Denn verloren haben die Republikaner nicht nur nach 8 Jahren Bush das Weiße Haus
sie haben auch Sitze im Senat verloren – und zwar in Schlüsselstaaten wie Colorado, Virginia, Ohio und Pennsylvania. So fragt man sich jetzt in der Partei, ob man vielleicht zu lange zu sehr auf “Grand Old” gesetzt – und dabei Entwicklungen verschlafen hat.

Der Politikwissenschaftler Allan Lichtman meint: “Die Republikaner müssen einen Weg finden, vielfältiger zu werden. Sie haben sich bisher mehr oder weniger auf weiße, protestantische Wähler verlassen . Das ist aber eine schrumpfende Basis in einem vielfältiger werdenden Land.”

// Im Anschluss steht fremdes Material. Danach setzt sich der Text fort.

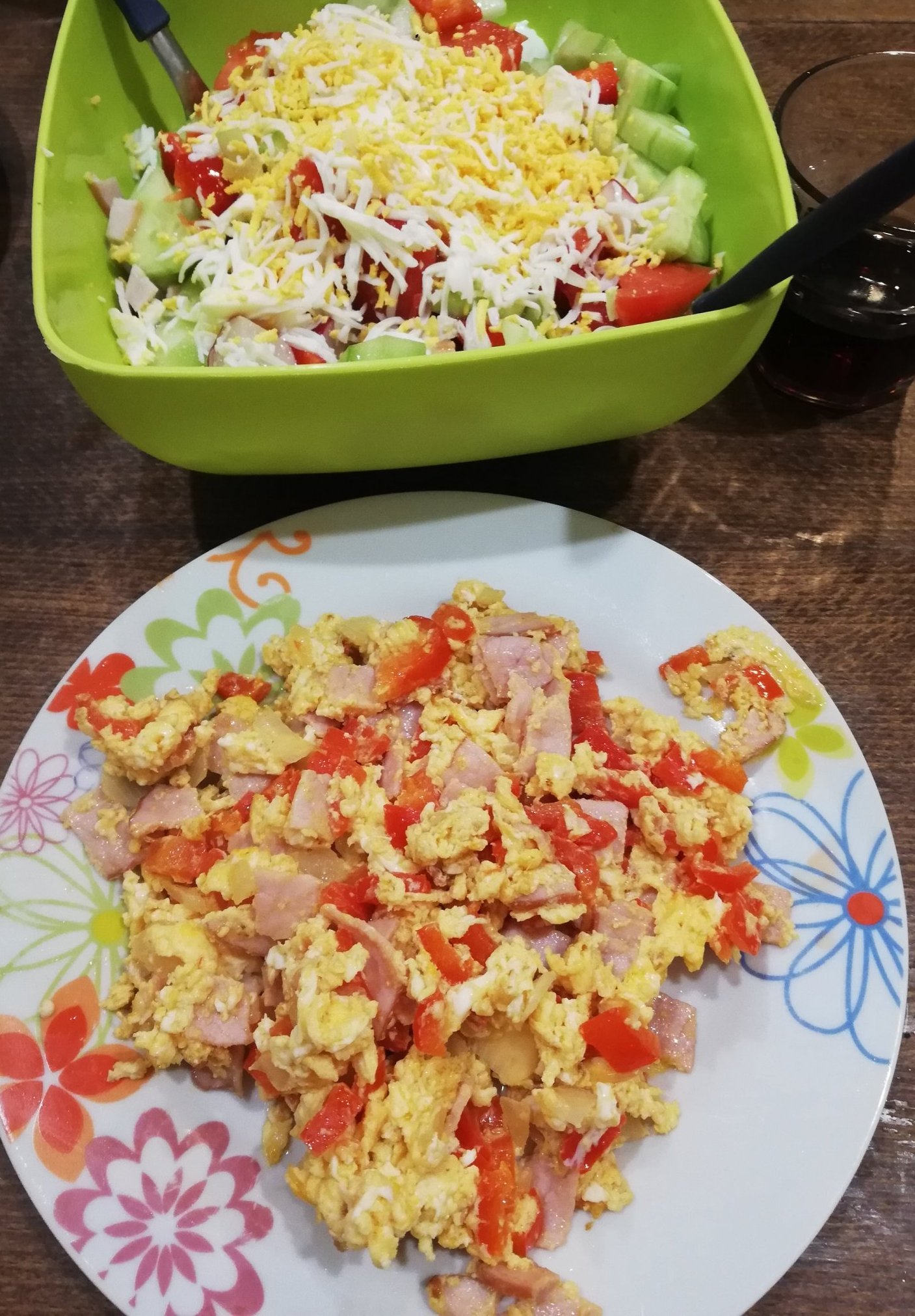 Салата домати, краставици, репички, колбас, чушка, яйце и буркани яйца

Nach 8 Jahren Bush geht die Debatte mitten durch die Partei – wobei eine Partei in den USA viel umfassender als in Europa als Koalition verschiedener Interessengruppen zu verstehen ist. Wo durch das Mehrheitswahlsystem immer nur eine Partei regiert, hat Koalitionsbildung vorher innerhalb jeder einzelnen Partei stattgefunden.

Und diese ständige Auseinandersetzung wird durch eine so klare Wahlniederlage enorm angeheizt. Man wird es bei den Republikaner in nächster Zeit zwangsläufig auch mit anderen Führungspersönlichkeiten zu tun bekommen.

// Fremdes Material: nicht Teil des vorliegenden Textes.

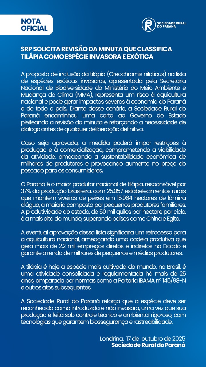 A Sociedade Rural do Paraná (SRP) encaminhou uma carta ao Governo do Estado manifestando preocupação com a proposta do Ministério do Meio Ambiente e Mudança do Clima (MMA) de incluir a tilápia (Oreochromis niloticus) na lista de espécies exóticas invasoras. Segundo a entidade, a medida, caso seja aprovada, representaria grave risco à aquicultura nacional, com impactos severos à economia do Paraná — estado líder na produção do peixe — e de todo o país.

Der Politkwissenschaftler Allan Lichtman nennt Namen: “ Es könnte durchaus sein, daß Sarah Palin eine wichtige Führungsrolle in der Repubikanischen Partei übernehmen wird, weil sie eine Frau ist. Und damit verkörpert sie zumindest die Möglichkeit einer breiter gefächerten Partei – aber sie muß ihre Herangehensweise ändern, denn die spricht bisher nur die republikanische Basis an.”

Der Erfolg von Parteien hängt nun mal von deren Fähigkeit ab, rechtzeitig auf Entwicklungen in der Gesellschaft zu reagieren.